Serge Ivan Chermayeff (born Sergei Ivanovich Issakovich; ; 8 October 1900 – 8 May 1996) was a Russian-born British architect, industrial designer, writer, and co-founder of several architectural societies, including the American Society of Planners and Architects.

Early life
He was born into a wealthy Jewish family in Grozny, Russian Empire (today in the Chechen Republic in the Russian Federation), but moved to England at an early age where he received his education at Peterborough Lodge Preparatory School (1910-1913), the Royal Drawing Society School (1910–1913) and Harrow School (1914–1917).

Continuing education and early career
From 1922 to 1925, he received training at various schools in Germany, Austria, France and the Netherlands. During this period, he supported himself as a journalist for the Amalgamated Press (1918–23) before becoming chief designer (1924–27) at E. Williams, a decorating firm.

In 1928, he became a British citizen. That year, he and the French designer Paul Follot were placed in charge of the decorative arts department of Waring & Gillow.

Early career as an architect
After practicing architecture for three years, he and the German architect Erich Mendelsohn briefly partnered in 1933 to form their own architectural firm. They created important works in the British modernist movement, notably the De La Warr Pavilion in Bexhill, East Sussex, Cohen House, London, and Shrubs Wood (formerly Nimmo House) in Chalfont St Giles, Buckinghamshire. He was also responsible for Shann House in Rugby, Warwickshire, and Gilbey House, an office and factory complex in Camden for gin distillers Gilbey's. These are all now Listed Buildings, being designated Grade I (De La Warr), Grade II* (Cohen House, Shann House, and Shrubs Wood) and Grade II (Gilbey House) respectively. Both Mendelsohn and Chermayeff were members of the MARS Group. He also designed Bentley Wood, a Modernist house in a rural location in the Low Weald in Sussex, completed in 1938.

During the 1930s, Chermayeff designed bakelite radio cabinets for the Southend-on-Sea based company EKCO.

Architect in the U.S.
In 1940, Chermayeff emigrated to the United States where he joined Clarence W. W. Mayhew as associate architect, helping Mayhew design his own residence. Chermayeff taught in 1940 and 1941 at the California School of Fine Arts before moving to Brooklyn College, where he served as chair of the department of design until 1946. From 1941 until his death, he maintained his principal residence on Cape Cod at Wellfleet, Massachusetts. In 1946, he was recommended by Walter Gropius to become the president of the Institute of Design in Chicago; there, he was a close friend and mentor to Robert Brownjohn. Beginning in 1949, he oversaw the Institute's merger with the Illinois Institute of Technology before ultimately stepping down in 1951. After teaching at the Massachusetts Institute of Technology for a year, he served as a professor and chair of the architecture department at the  Harvard University Graduate School of Design (1953-1962) and the Yale University School of Architecture (1962-1971). Following his retirement, he briefly taught at Harvard again in 1974.

Books and awards
He wrote several books, including Community and Privacy with Christopher Alexander in 1964 and The Shape of Community with Alexander Tzonis in 1971. He died in 1996 in Wellfleet. Chermayeff's architectural drawings, project records, photographs, correspondence, teaching and writing papers, and research files are held by the Dept. of Drawings & Archives at Avery Architectural and Fine Arts Library at Columbia University.

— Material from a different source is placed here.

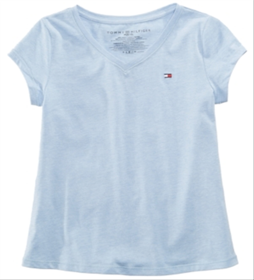 camiseta tommy hilfiger de algodão com gola V para meninas grandes, roupas infantis - camisas e camisetas

In 1980 he was awarded the Sir Misha Black award and was added to the College of Medallists.

Descendants
His son Ivan Chermayeff was a prominent graphic designer and a founding partner of New York-based design studio Chermayeff & Geismar.

Another son Peter Chermayeff is a prominent architect best known for his design of aquariums, with colleagues, while a founding partner at Cambridge Seven Associates, from 1962 to 1998, at Chermayeff, Sollogub and Poole, 1998–2005, at Chermayeff & Poole, 2005–2009 and currently at Peter Chermayeff LLC.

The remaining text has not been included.